Starting from the line with "若是数据库名或其他架构,如为" and going up to and including the line with "小学生卒業袴レンタルZ252黒ドット刺繍まりxベージュ", copy the listing below exactly. Leave all images out.

*** Opening of RECORDS TO USE ***

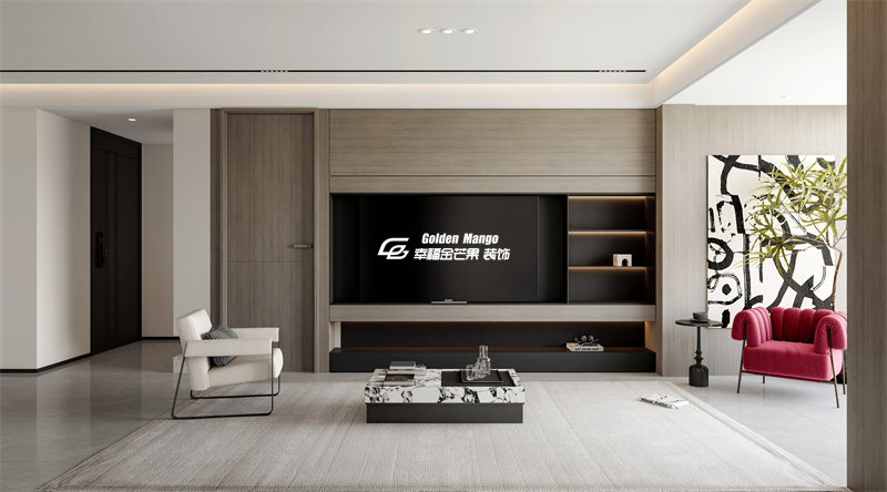 細(xì)節(jié)巧思:電視背景墻的木飾面與黑色收納格形成對(duì)比,暗藏的燈帶為擺件鍍上一層柔光;角落那抹紅色單人椅,是空間的點(diǎn)睛之筆,在理性的極簡中跳脫出一抹熱烈的生活情緒。
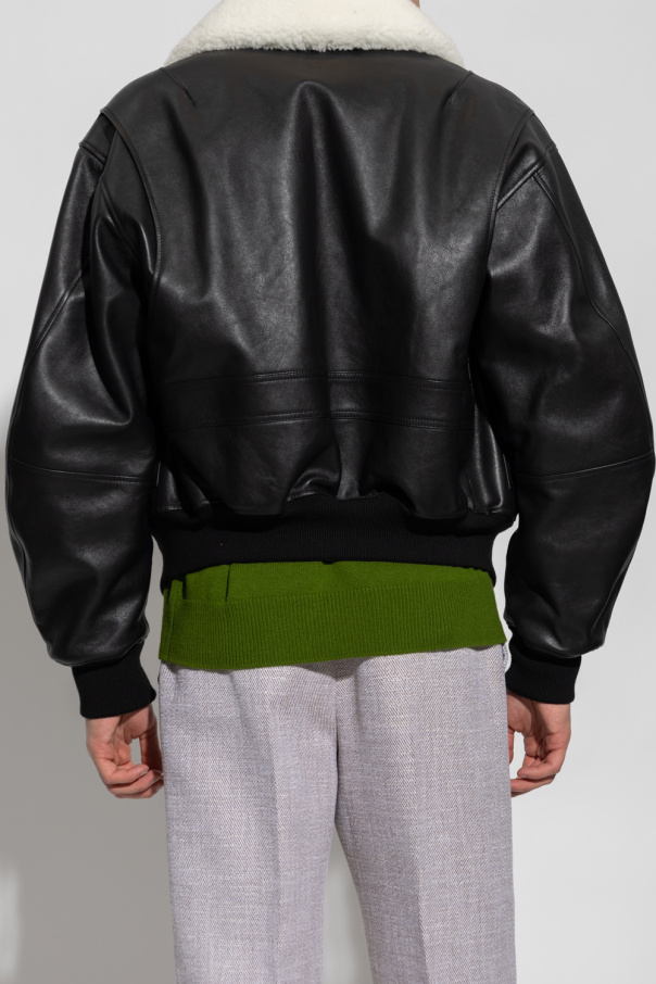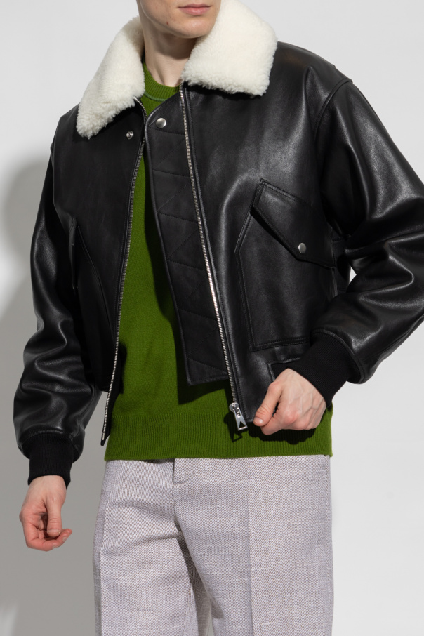 Black jacket from Bottega Veneta. Crafted from leather, this style features a zip fastening, a white shearling collar, two flapped pockets with snaps, a quilted polyester lining and ribbed trims on the bottom hem and cuffs.
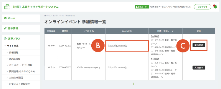 対象年卒・開催日・イベント名・ZoomURL・出展枠・実施要項など
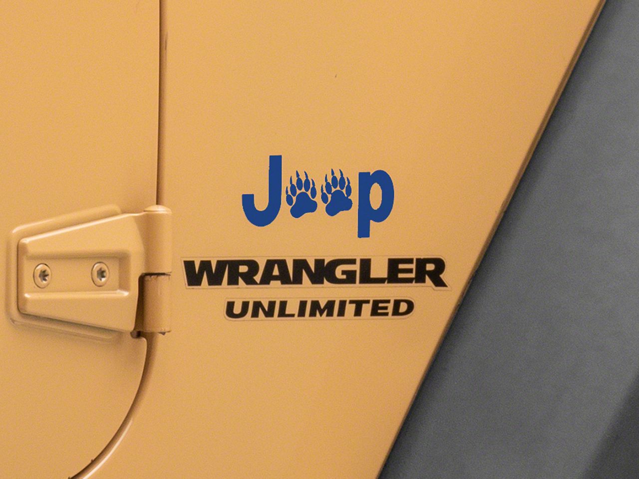 Application. This Jeep Licensed by RedRock Jeep Paw Side Logo; Blue is designed to fit 1987-2018 Jeep Wrangler YJ, TJ and JK models. Sold individually.
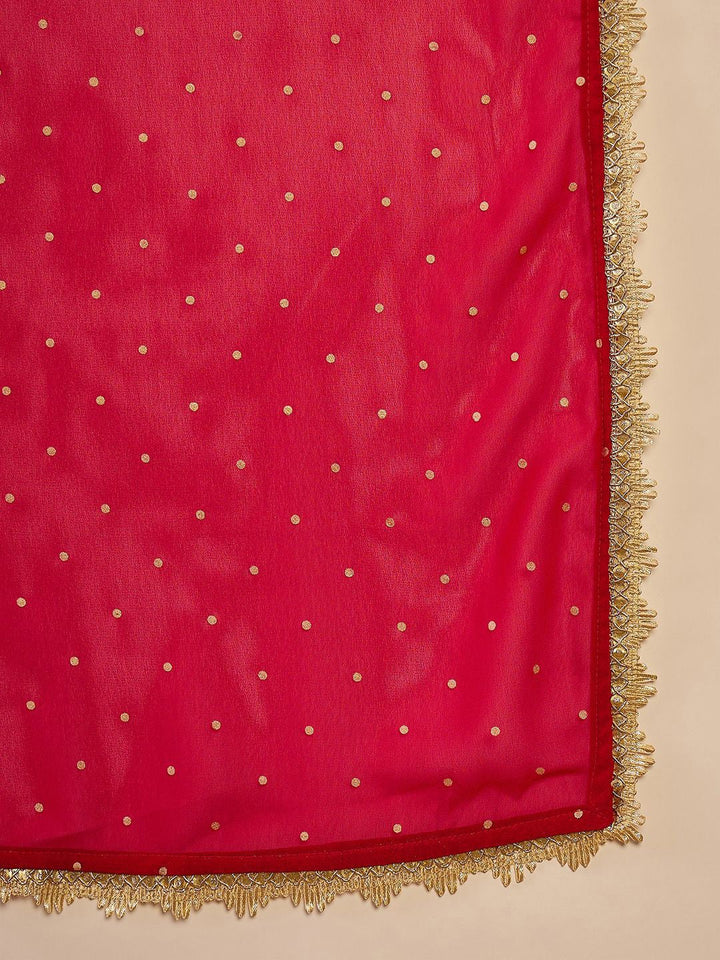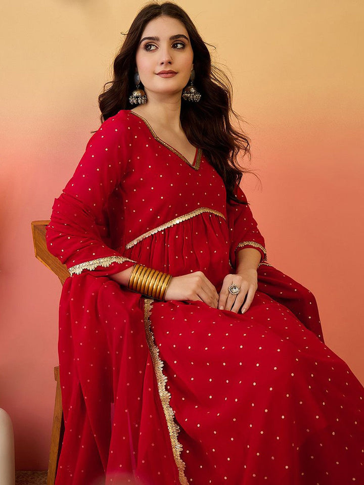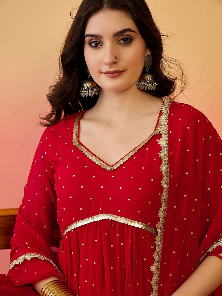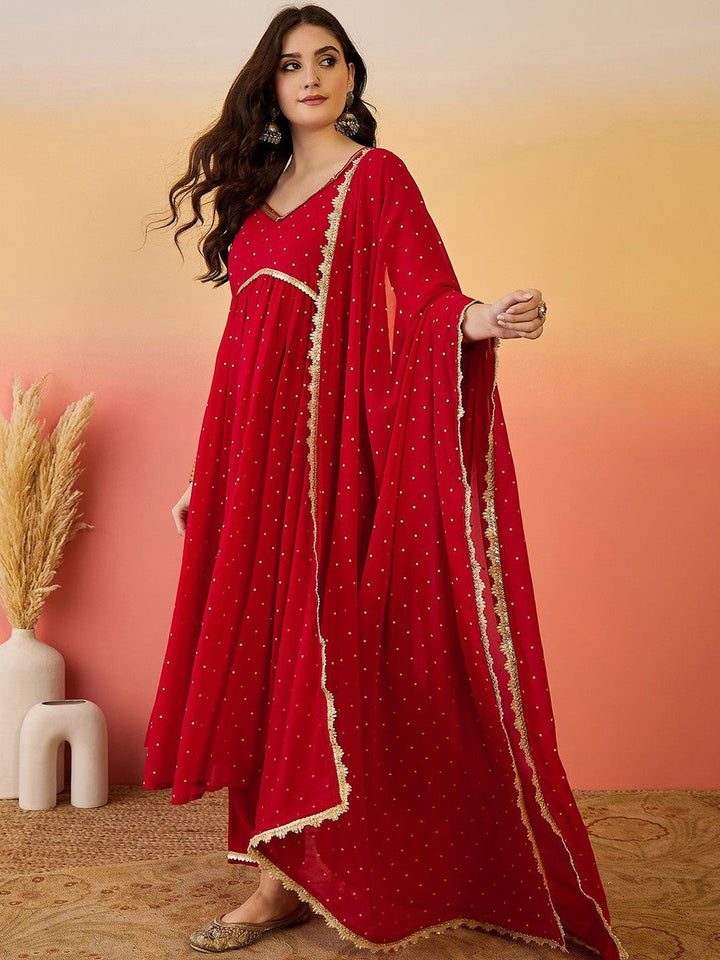 Geometric Sequinned V-Neck Georgette Empire A-Line Kurta With Trouser & Dupatta
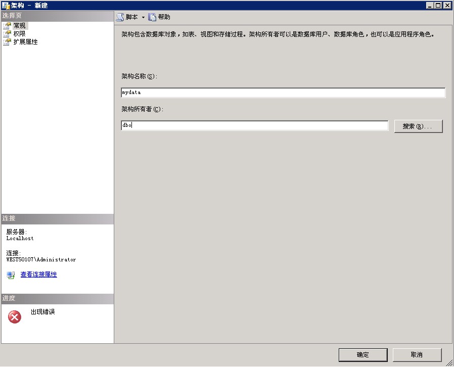 若是数据库名或其他架构,如为mydata架构,需要在“安全性”——“架构”,新建一个所有者为dbo的mydata架构。
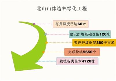 2017年,全市還完成補(bǔ)植補(bǔ)造各類苗木3.8萬(wàn)余株,完成南山公園停車場(chǎng)兩側(cè)綠化,累計(jì)栽植雪松、云杉、刺槐等70000余株。完成總面積489畝的南山恰加山核心區(qū)水系工程、景觀工程、道路工程、圍欄工程等建設(shè)。
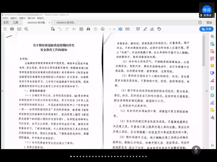 2020年5月20日,太阳成集团tyc122ccvip线上召开了2017级本科生大班会,开展返校前学生安全教育。本次会议由学院F1辅导员黄佛保老师主持。
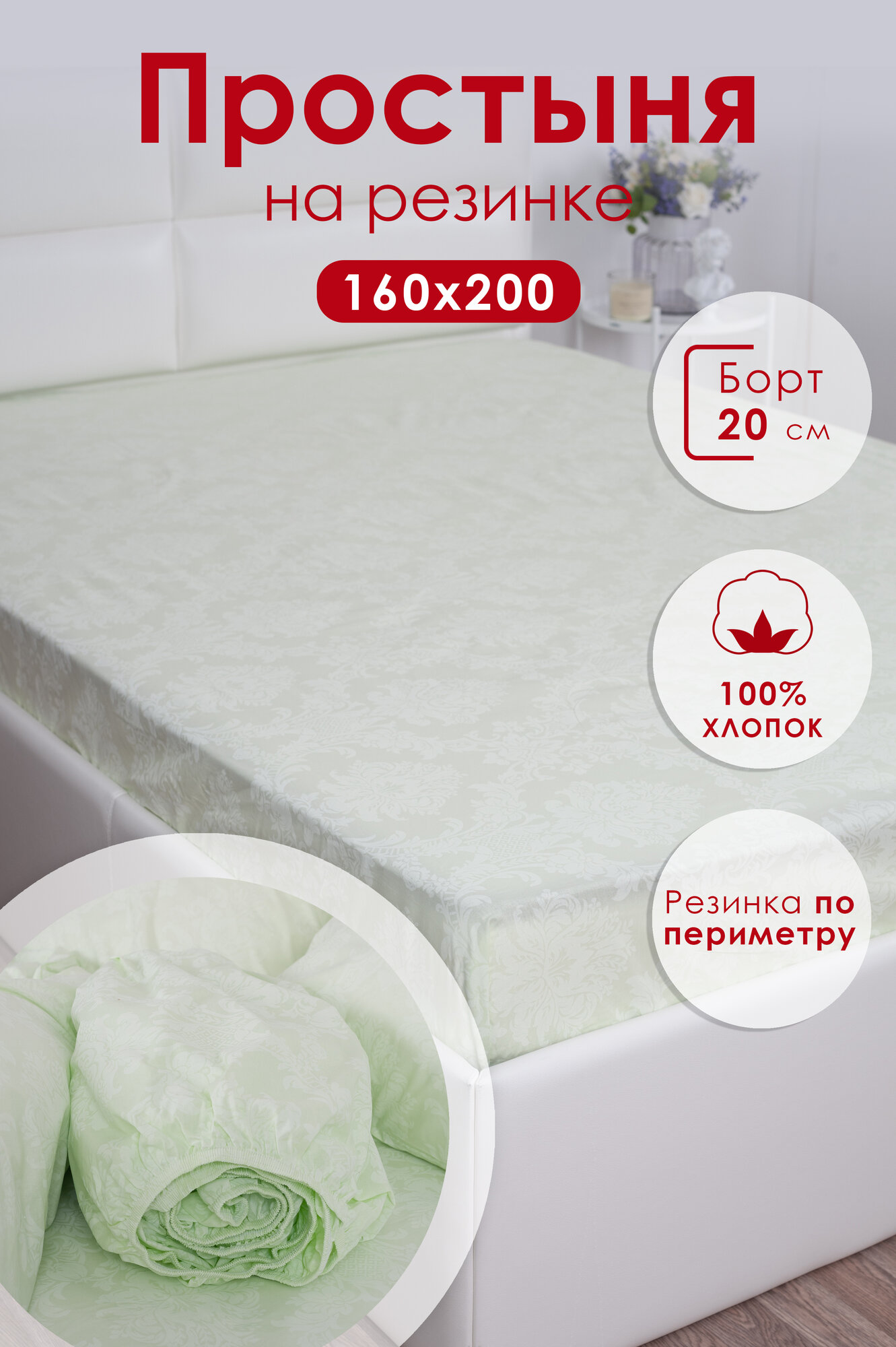 Простынь на резинке 160х200 см Миланика Изумруд поплин, 100% хлопок
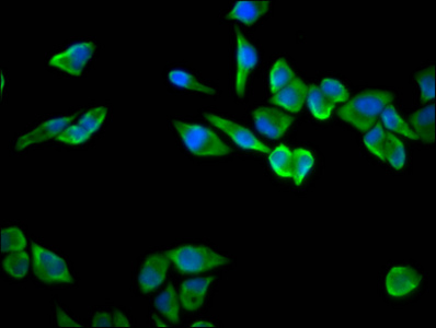 Immunofluorescence staining of Hela cells with CSB-PA020400LA01HU at 1:100, counter-stained with DAPI. The cells were fixed in 4% formaldehyde, permeabilized using 0.2% Triton X-100 and blocked in 10% normal Goat Serum. The cells were then incubated with the antibody overnight at 4°C. The secondary antibody was Alexa Fluor 488-congugated AffiniPure Goat Anti-Rabbit IgG(H+L).
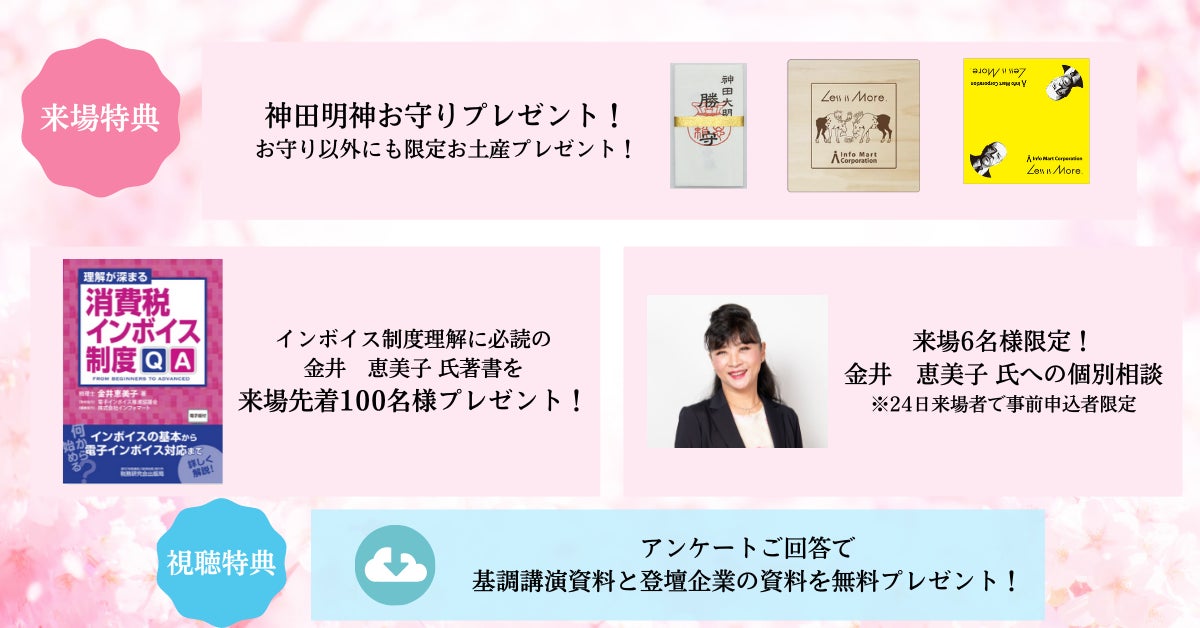 会場では事前予約制で金井 恵美子氏との個別相談会(※)や、来場者先着特典として金井氏の著書をはじめとするプレゼントを多数ご用意しております。オンラインでご視聴いただいた方にも、基調講演の講演資料がもらえるアンケート企画を実施します。
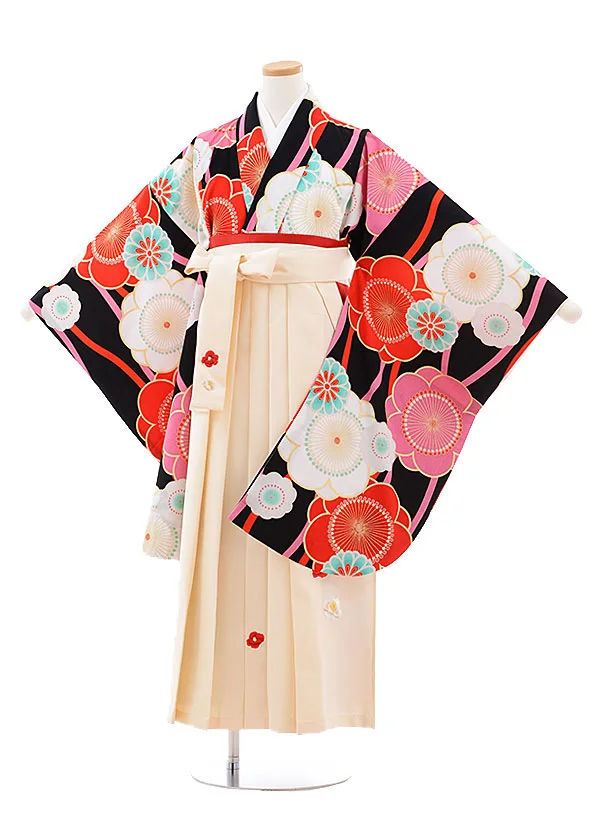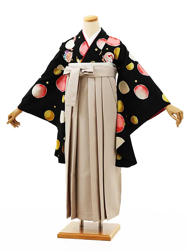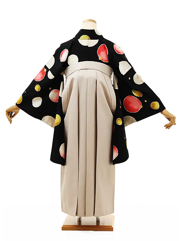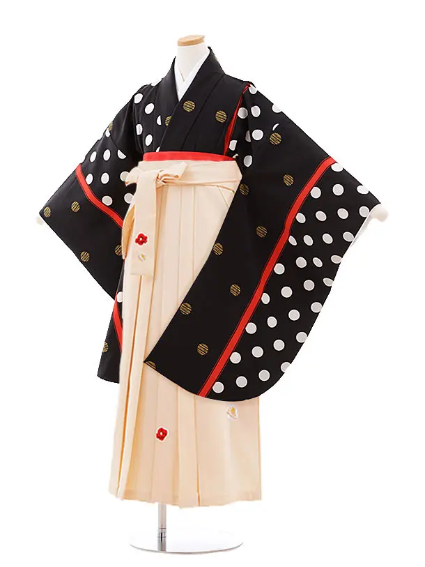小学生卒業袴レンタルZ252黒ドット刺繍まりxベージュ
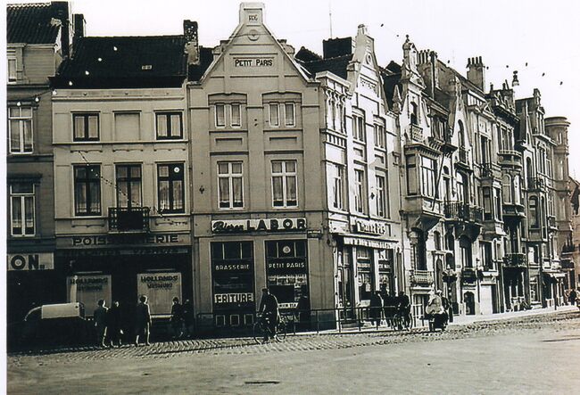 Foto, formaat : 13.5 x 9.5 cm. - Petit Paris, hoek Alfons Pieterslaan en Torhoutsesteenweg. Naast de brasserie "Petit Paris", de vishandel van Jacob Pels, in de volksmond "Den Hollander".
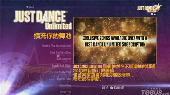 本次的2017在游戏画面依旧承袭着该系列的一贯作风,没有太多写实风格,使用较为鲜明的色彩组成梦幻般的动画风格。在有了极具风格性的画面作为衬托,一款音乐舞蹈游戏最为重要的自然就是曲目与舞蹈的编排。进入游戏,选择just dance会看到本次新增的歌曲,而前作所累积的歌曲还可以通过线上串流服务JustDanceUnlimited来找到,并且很人性化的向玩家提供了90天的歌曲免费体验,只要好相应的补丁就能在游戏中看到JustDanceUnlimited中的歌曲,如此看来因为这些曲目的存在,游戏看起来也变得有趣许多,不过前提是要育碧的服务器先稳定下来。
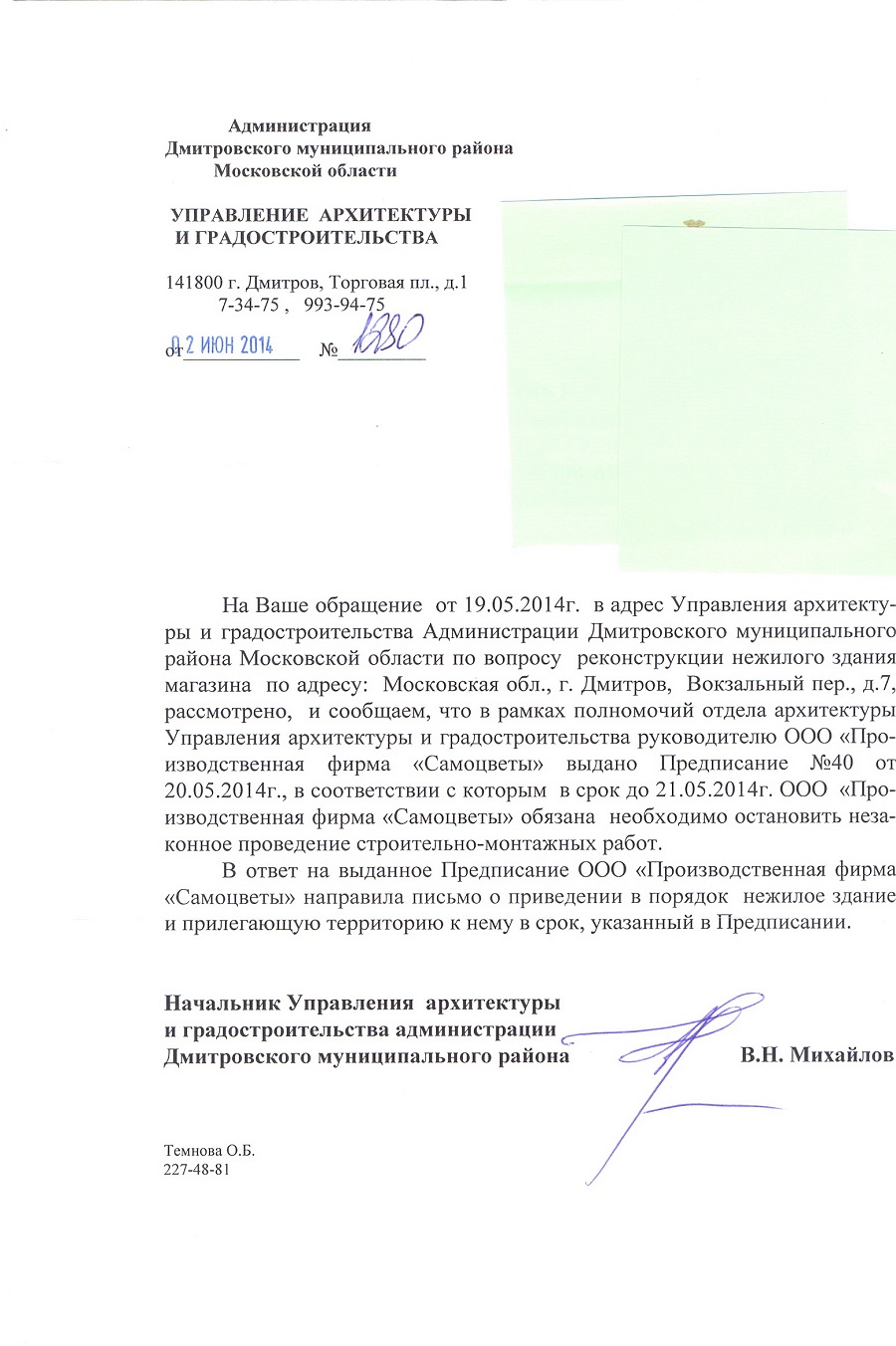 горожанин писал(а):Посмотрим - как Главный архитектор будет добиваться исполнения своего Предписания !

*** Close of RECORDS TO USE ***

* WRITTEN ANSWER:
 若是数据库名或其他架构,如为mydata架构,需要在“安全性”——“架构”,新建一个所有者为dbo的mydata架构。
 2017年,全市還完成補(bǔ)植補(bǔ)造各類苗木3.8萬(wàn)余株,完成南山公園停車場(chǎng)兩側(cè)綠化,累計(jì)栽植雪松、云杉、刺槐等70000余株。完成總面積489畝的南山恰加山核心區(qū)水系工程、景觀工程、道路工程、圍欄工程等建設(shè)。
 2020年5月20日,太阳成集团tyc122ccvip线上召开了2017级本科生大班会,开展返校前学生安全教育。本次会议由学院F1辅导员黄佛保老师主持。
 Простынь на резинке 160х200 см Миланика Изумруд поплин, 100% хлопок
 Immunofluorescence staining of Hela cells with CSB-PA020400LA01HU at 1:100, counter-stained with DAPI. The cells were fixed in 4% formaldehyde, permeabilized using 0.2% Triton X-100 and blocked in 10% normal Goat Serum. The cells were then incubated with the antibody overnight at 4°C. The secondary antibody was Alexa Fluor 488-congugated AffiniPure Goat Anti-Rabbit IgG(H+L).
 会場では事前予約制で金井 恵美子氏との個別相談会(※)や、来場者先着特典として金井氏の著書をはじめとするプレゼントを多数ご用意しております。オンラインでご視聴いただいた方にも、基調講演の講演資料がもらえるアンケート企画を実施します。
小学生卒業袴レンタルZ252黒ドット刺繍まりxベージュ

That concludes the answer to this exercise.